IDK if that's good or bad for single-threaded triad bandwidth on your Zen 2, but that's only
(256 * 1024 * 1024 / 8) / 0.318 / 1000^3 = ~0.1055 vectors (of 8 floats) per nanosecond; something Zen 2 vdivps could keep up with at 0.36 GHz. I assume your CPU is faster than that :P
(0.1055 vec/ns * 3.5 cycles/vec = 0.36 cycles/ns aka GHz)

So very obviously a memory bottleneck, nowhere near Zen2's one per 3.5 cycle vdivps ymm throughput. (https://uops.info/). Use a much smaller array (that fits in L1 or at least L2 cache) and loop over it multiple times.


Try to avoid writing loops like this in real-world code. The computational intensity (work per time you load data into L1 cache or registers) is very low. Do this as part of another pass, or use cache-blocking to do it for a small part of the input, then consume that small part of the output while it's still hot in cache. (That's much better than using _mm256_stream_ps to bypass cache.)

When mixed with other operations (lots of fmas / mul / add), vdivps is often a better choice than rcpps + a Newton iteration (which is normally needed for acceptable accuracy: raw rcpps is only about 11-bit IIRC.) vdivps is only single uop, vs. separate rcpps and mulps uops. (Although from memory, a separate vmovups load is needed anyway with vdivps, and Zen has no problem folding a memory source into a single uop). See also Floating point division vs floating point multiplication re: front-end throughput vs. divide-unit bottlenecks if you're just dividing, not mixing it with other operations.
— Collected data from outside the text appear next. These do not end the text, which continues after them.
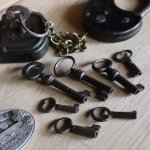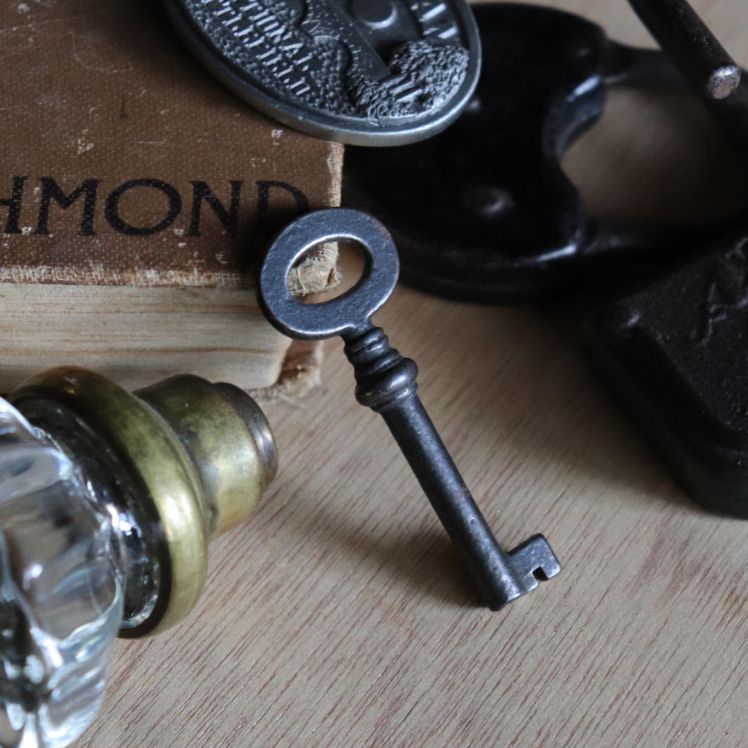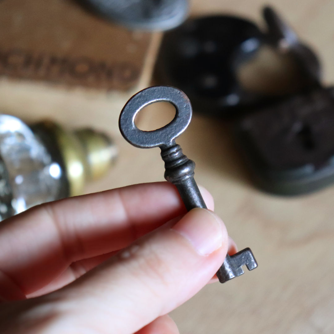 実際にパドロックの開錠やドア扉、チェストなどの開錠に使われていたものでですが、開錠する本体とは別に鍵だけが残ったものです。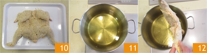 Legen Sie das Hähnchen auf ein sauberes Tablett 10 und lassen Sie es für mindestens 30 Minuten im Kühlschrank, dieser Schritt hilft, die Panade besser haften zu lassen. In der Zwischenzeit erhitzen Sie das Öl 11, es sollte 170 Grad erreichen, die perfekte Temperatur zum Frittieren. Nach der erforderlichen Zeit tauchen Sie das Hähnchen in das Öl 12 und lassen es ca. 5 Minuten auf einer Seite braten, ohne es zu bewegen, dann drehen Sie es und lassen es braten, bis es komplett goldbraun und knusprig ist.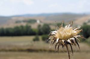 | For many photographers, depth of field just happens, and as long as it doesn't get in the way, they tend to ignore it. This is a huge mistake in that it is one of the most powerful in-camera creative tools at your disposal. Consider the creative options described in the following sections. Implying Distance Depth of field is a great way to imply vast areas of space within a photograph. A background that fades to a soft blur is a basic feature of atmospheric perspective, which was a compositional tool used by Renaissance painters. The background is soft and desaturated in many old master paintings as a way of implying a distant horizon. In Figure , the sunflower is in sharp focus as the background goes to a soft blur. Although this effect is rather abrupt, the blurred landscape in the background is easily identifiable and works to enhance the foreground subject. Dried Flower Nikon D2H 1/400 sec, f/10 Focal length 75mm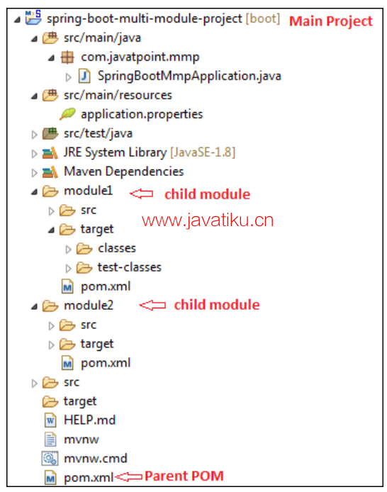 在下面的图片中,我们创建了一个名为 spring-boot-multi-module-project 的项目。它包含了位于目录底部的父 POM。之后,我们创建了两个 Maven 模块,分别命名为 module1 和 module2。这两个模块包含了各自的 pom 文件。
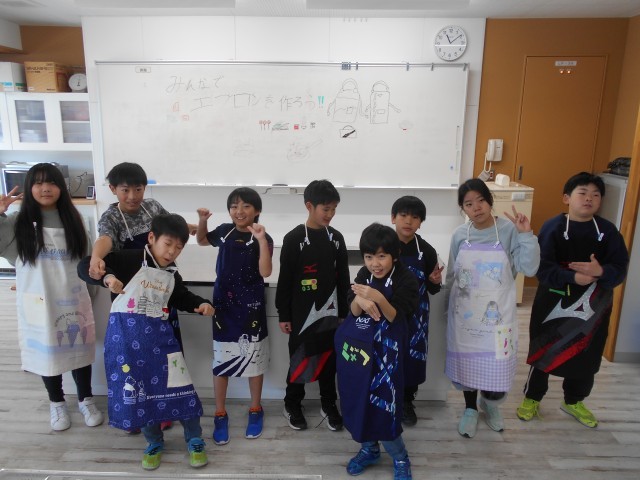 家庭科の時間に取り組んできたエプロンが完成しました。一人一人丁寧にミシンでぬったり、工夫を凝らしたポケットや飾りを付けたりして、すてきなエプロンができました。今日の給食の時間にはさっそく使用する児童もおり、できた作品に満足した様子でした。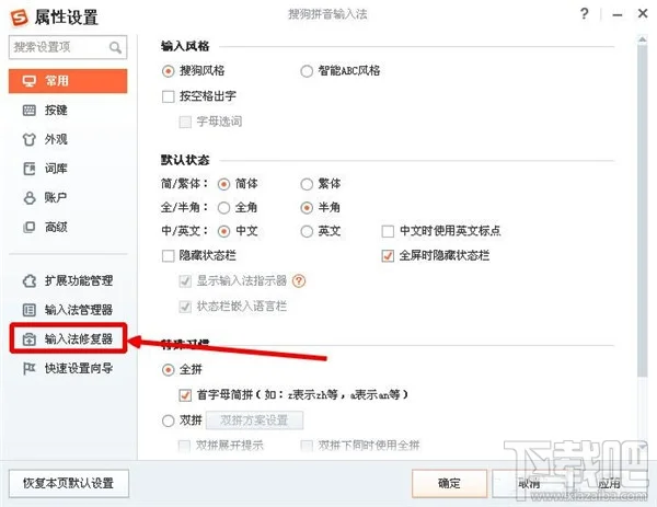 右键输入法-设置属性-输入法修复器-修复;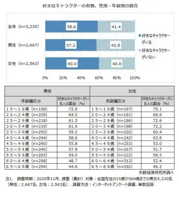 2025年11月に全国在住の15歳から69歳までの男女5,230名(男性:2,667名、女性:2,563名)に対し、好きなキャラクター(キャラクター単体)の有無について尋ねたところ(単数回答)、「好きなキャラクターがいる」と回答した割合は58.6%となった。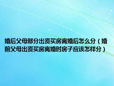 目前大家应该是对婚前父母出资买房,离婚时房子应该怎样分比较感兴趣的,所以今天CC就来为大家整理了一些关于婚前父母出资买房,离婚时房子应该怎样分方面的相关知识来分享给大家,希望大家会喜欢哦。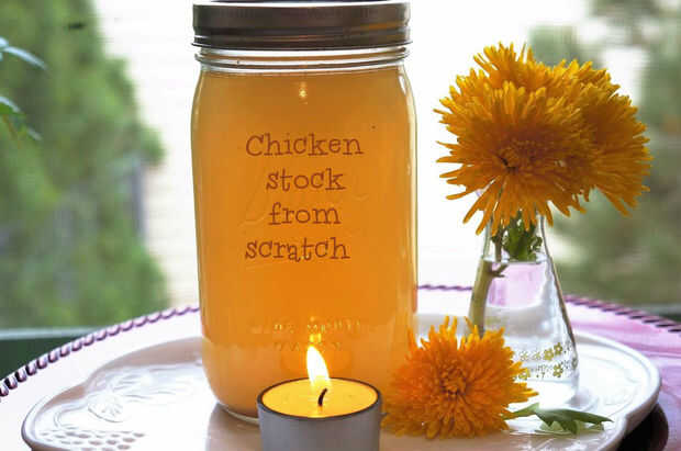Caldo hecho en casa: pollo, tomate, vegetales o carne de res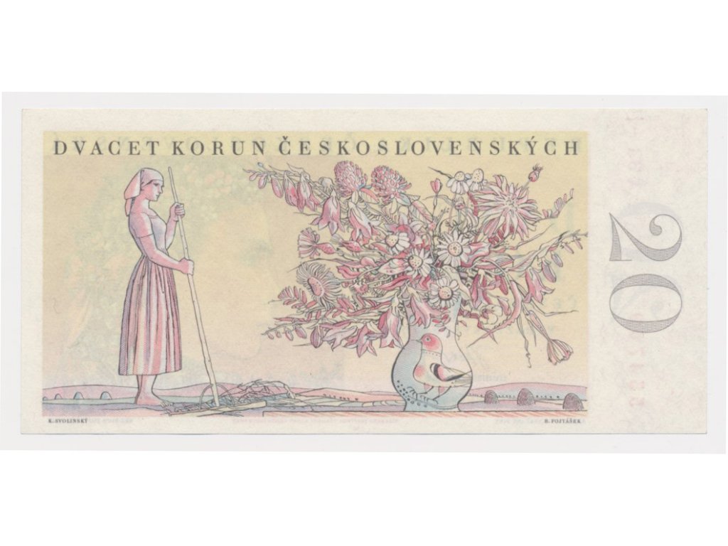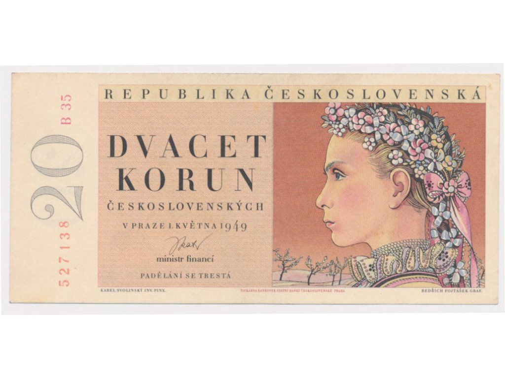 ČSR, 20 Kčs, 1949, série B 35, neperforovaná, luxusní sběratelská jakost UNC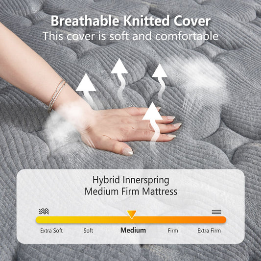 Newpearl Medium Firm Euro Top Mattress, Hybrid Gel Memory Foam, Pocket Spring, Gray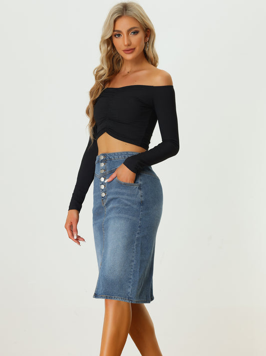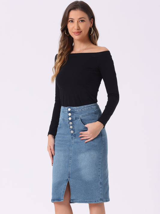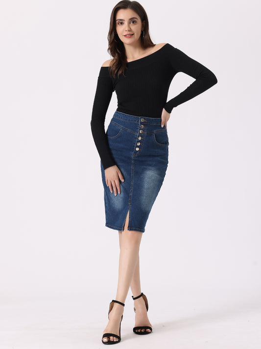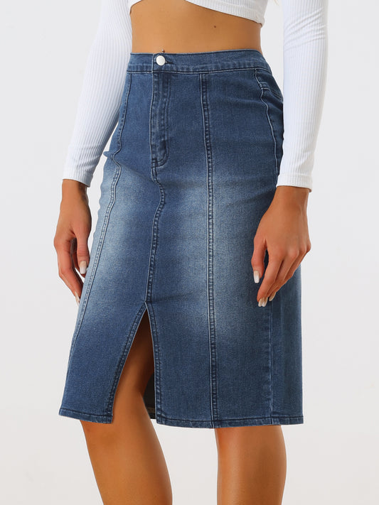 Women's Denim Skirt High Waist Slit Hem Stretch Bodycon Pencil Skirt Knee Length Jean Skirts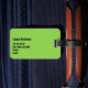Få meddelande! Lustigt "Hej här", svart och vitt med lime green bagagemärke med markerad pil och kontaktinformation på baksidan.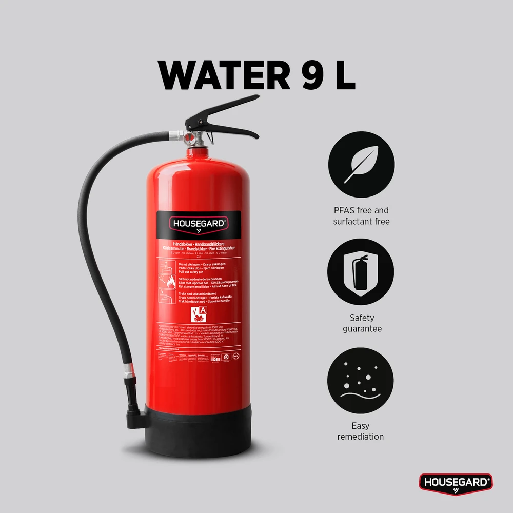 Housegard vesisammutin 9 L on puhdas ja ympäristöystävällinen sammutusaine ja paras valinta, kun halutaan korostaa ympäristöystävällistä sammuttamista. Tällaisia paikkoja voivat olla julkiset tilat, hotellit ja matkustajakodit, koulut, toimistot, kaupat, ostoskeskukset ja muut paikat, joissa puhdas ja ympäristöystävällinen sammutus on tärkeää.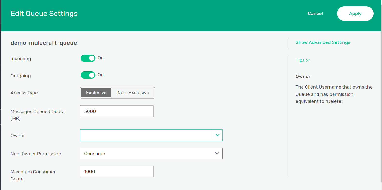 Once we provide a queue name and leave the default values, we should click 'apply'.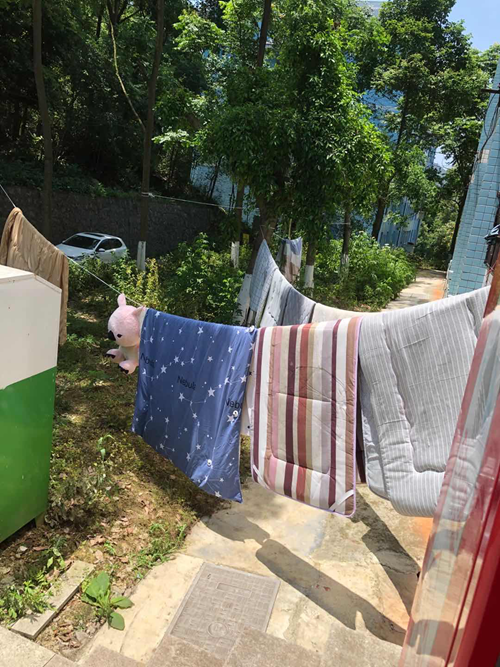 学生工作与就业处组织辅导员、宿管阿姨和后勤部门,利用返校期间难得持续的大晴天,为返校的孩子们暖心晒被。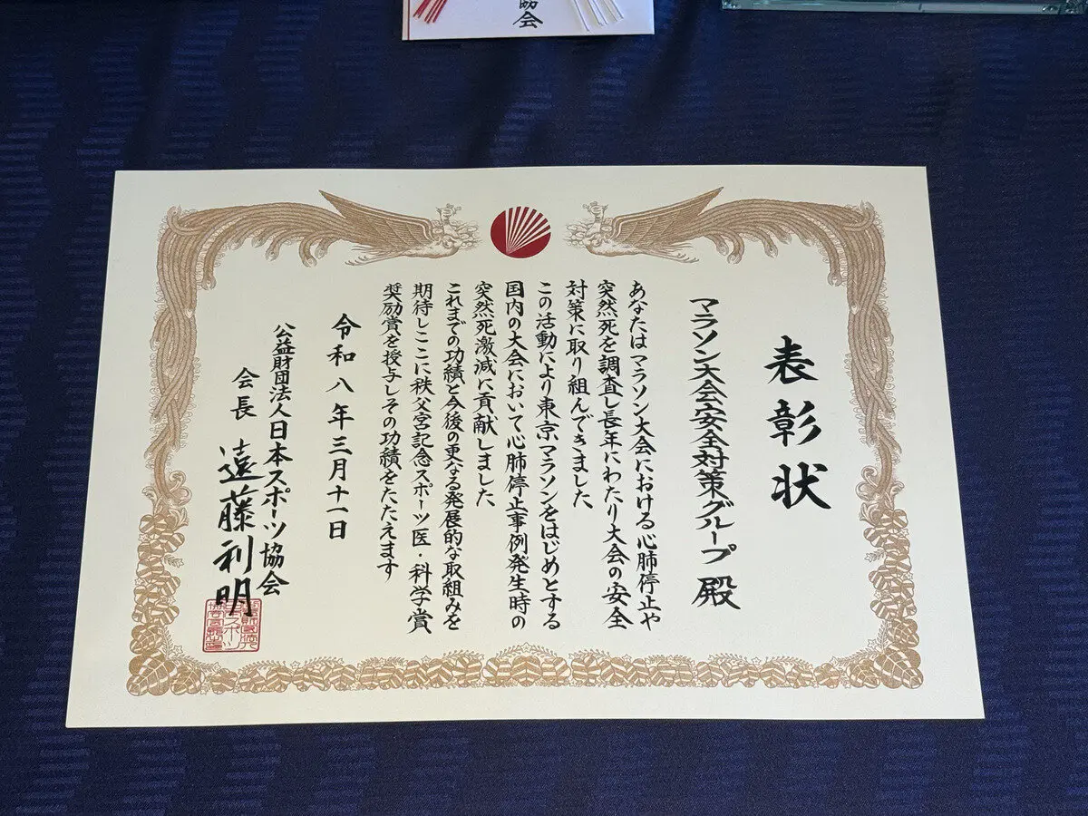 今回は、同グループが20年以上の長きにわたり安全対策に取り組む継続性、東京マラソンをはじめとする国内のマラソン大会における心肺停止事例発生時の突然死減少への寄与、活動を通じて全国各地で開催されるマラソン大会の医療体制・危機管理体制のレベルアップに貢献していることなどが評価されて受賞に至りました。
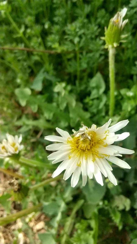 近所の畑の際から飛び出していた白いタンポポ🌼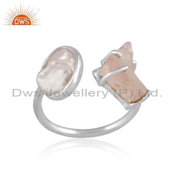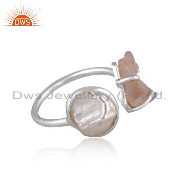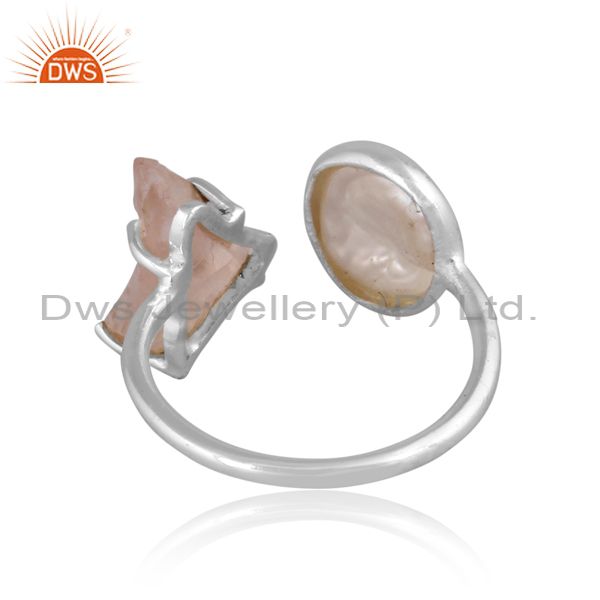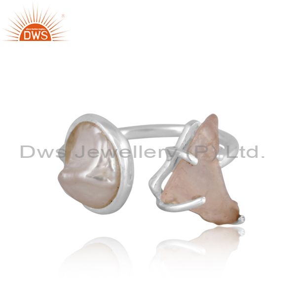 Pearl Beads And Rose Quartz Set Fine 925 Silver Open Ring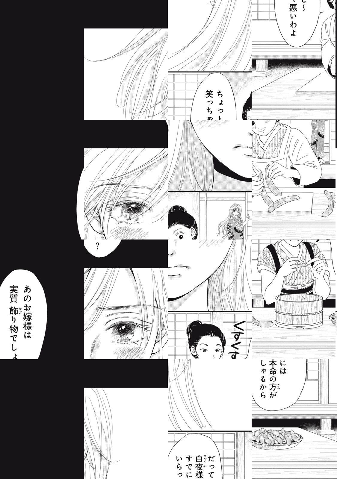 貧しい家族を救うため、資産家の月神家へ嫁入りした光。だが、旦那となる白夜は一向に嫁として迎え入れてくれない。彼いわく「俺の嫁になると食われる」そうだ。人とは思えないような冷たくも美しい魅力を放つ白夜、そして月神家の一族が抱える秘密とはーー。和風ファンタジー婚姻譚、開幕!
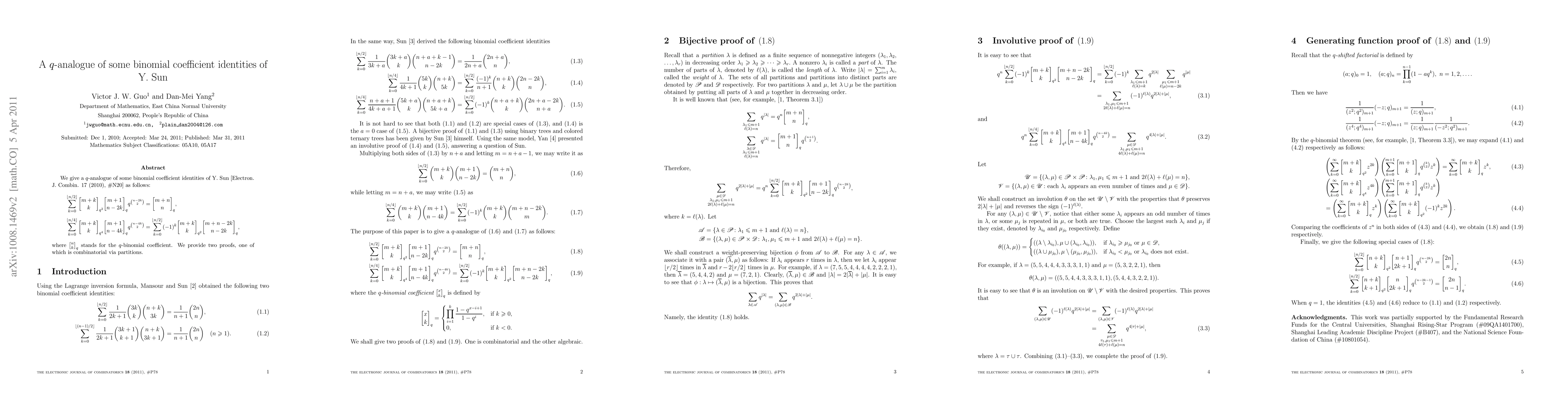 This paper presents $q$-analogues of binomial coefficient identities by Y. Sun, including two main equations involving $q$-binomial coefficients and $q$-power terms, and provides combinatorial proofs for these identities.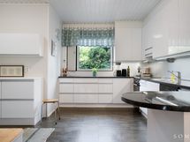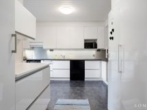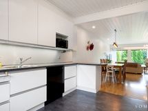 - Liesi: induktio. Työtasot: kivi, laminaatti. Kylmäsäilytys: jääkaappi, pakastin. Varustus: astianpesukone, kiinteät valaisimet, liesituuletin / hormi.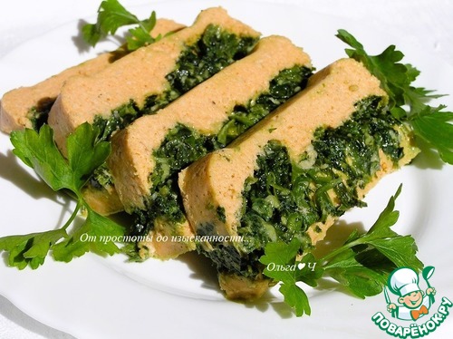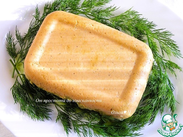 Перед подачей аккуратно выньте мусс из прямоугольной формы, вложите на тарелку, украсьте свежей зеленью.

Of course it's great if you can avoid division entirely, e.g. hoist a reciprocal out of a loop and just multiply, but modern CPUs have good enough divider HW that there's often not much to gain from rcpps, even if you aren't memory bottlenecked. e.g. in evaluating a polynomial approximation using the ratio of two polynomials, the amount of FMAs is usually enough to hide the throughput cost of vdivps, and a newton iteration would cost more FMA uops.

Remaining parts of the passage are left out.